The Federal Circuit Holds That False Marking Plaintiff Has Standing to Sue in Stauffer v. Brooks Brothers

On August 31, 2010, the Federal Circuit held in Stauffer v. Brooks Brothers, that a false patent marking plaintiff who did not allege an injury in fact to himself nevertheless has standing to sue. The Federal Circuit reasoned that the false marking statute is a qui tam provision that allows individuals or so-called “relators” to stand in the government’s stead, and to bring the lawsuit to enforce the statute as a partial assignee of the governments’ claim. Even though a relator suffered no injury himself, the qui tam provision operates as a statutory assignment of the United States’ rights which confers standing to the relator to assert the injury in fact suffered by the assignor, in this case the United States. The Federal Circuit noted that by enacting section 292, Congress has defined false marking as leading to an injury in fact to the United States and “determined that such conduct is harmful and should be prohibited.” Thus, in order to have standing, a relator, such as Stauffer, must allege that the United States has suffered an injury in fact causally connected to the conduct of the defendant, such as Brooks Brothers, that is likely to be redressed by the court deciding the lawsuit.
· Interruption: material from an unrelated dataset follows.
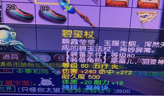 上面的这把武器是玩家使用高级藏宝图挖出来的,因为使用高级藏宝图挖出环装时就相当鉴定,是有可能会出现蓝字的,而这把80级武器的伤害属性是240,增加了20点体质和19点耐力,另外还附带了凝神决特技,这样的装备是有用的,就比如给那些专业抓宝宝的玩家,使用拥有凝神决特技可以增强自己的续航能力,可以在战斗中给自己补充蓝量,那么你认为上面的这把武器能卖多少钱?能不能把这张高级藏宝图的成本赚回来?
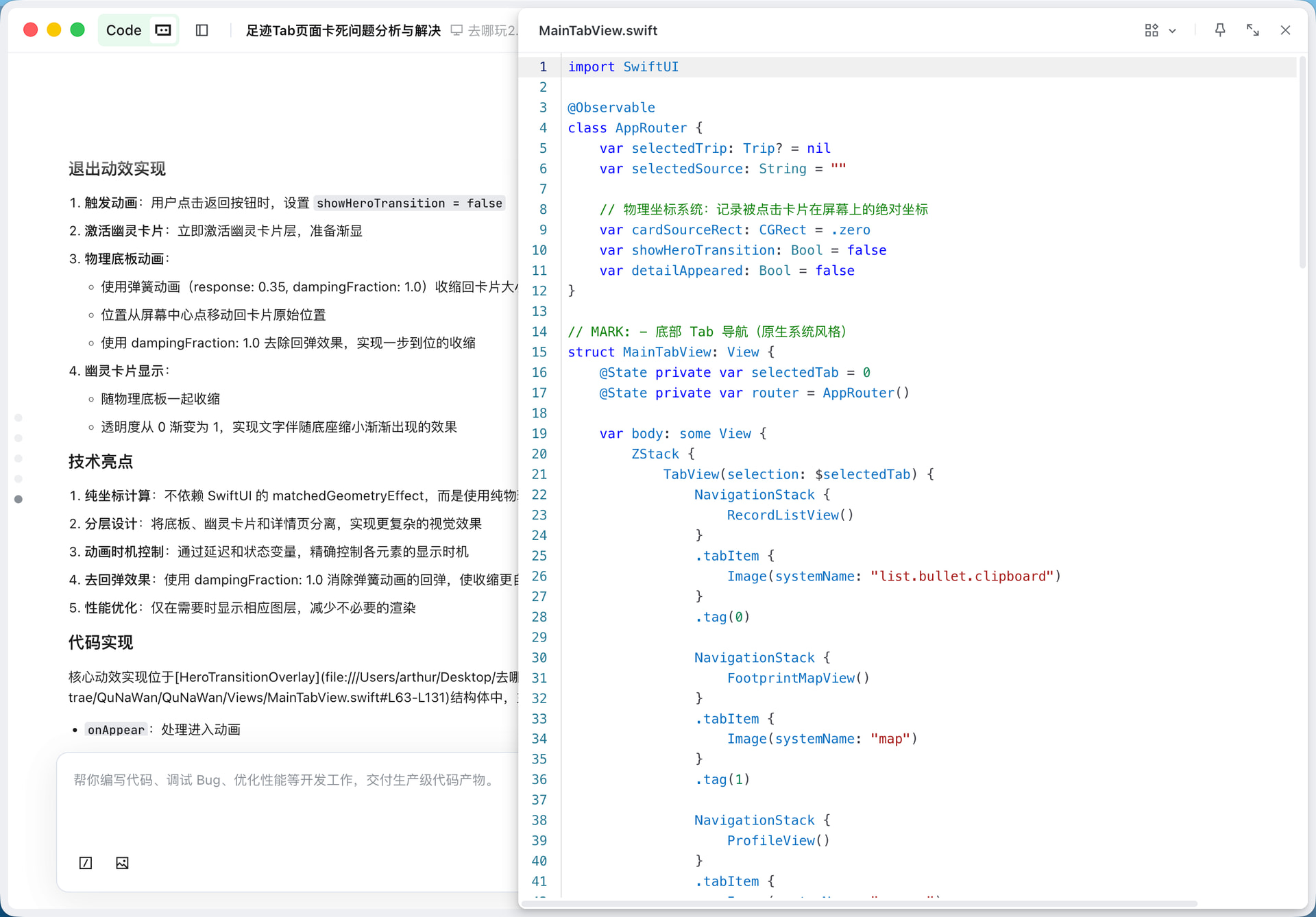 - 要敢砍需求、敢推翻重来 —— SwiftUI 做不了文字描边?不做了。拖拽方案叠了两次补丁还卡?那就推翻重写。跟 AI 协作最忌讳的就是"沉没成本心态"。

Notably, the Federal Circuit did not consider whether Brooks Brothers’ motion to dismiss the complaint pursuant to Federal Rule of Civil Procedure 12(b)(6) for failure to state a claim for relief because it does not allege an intent to deceive the public with sufficient specificity to meet the heightened pleading requirements for claims of fraud required by Rule 9(b), nor did it consider whether the false marking statute was unconstitutional for violation of Article III’s take care clause.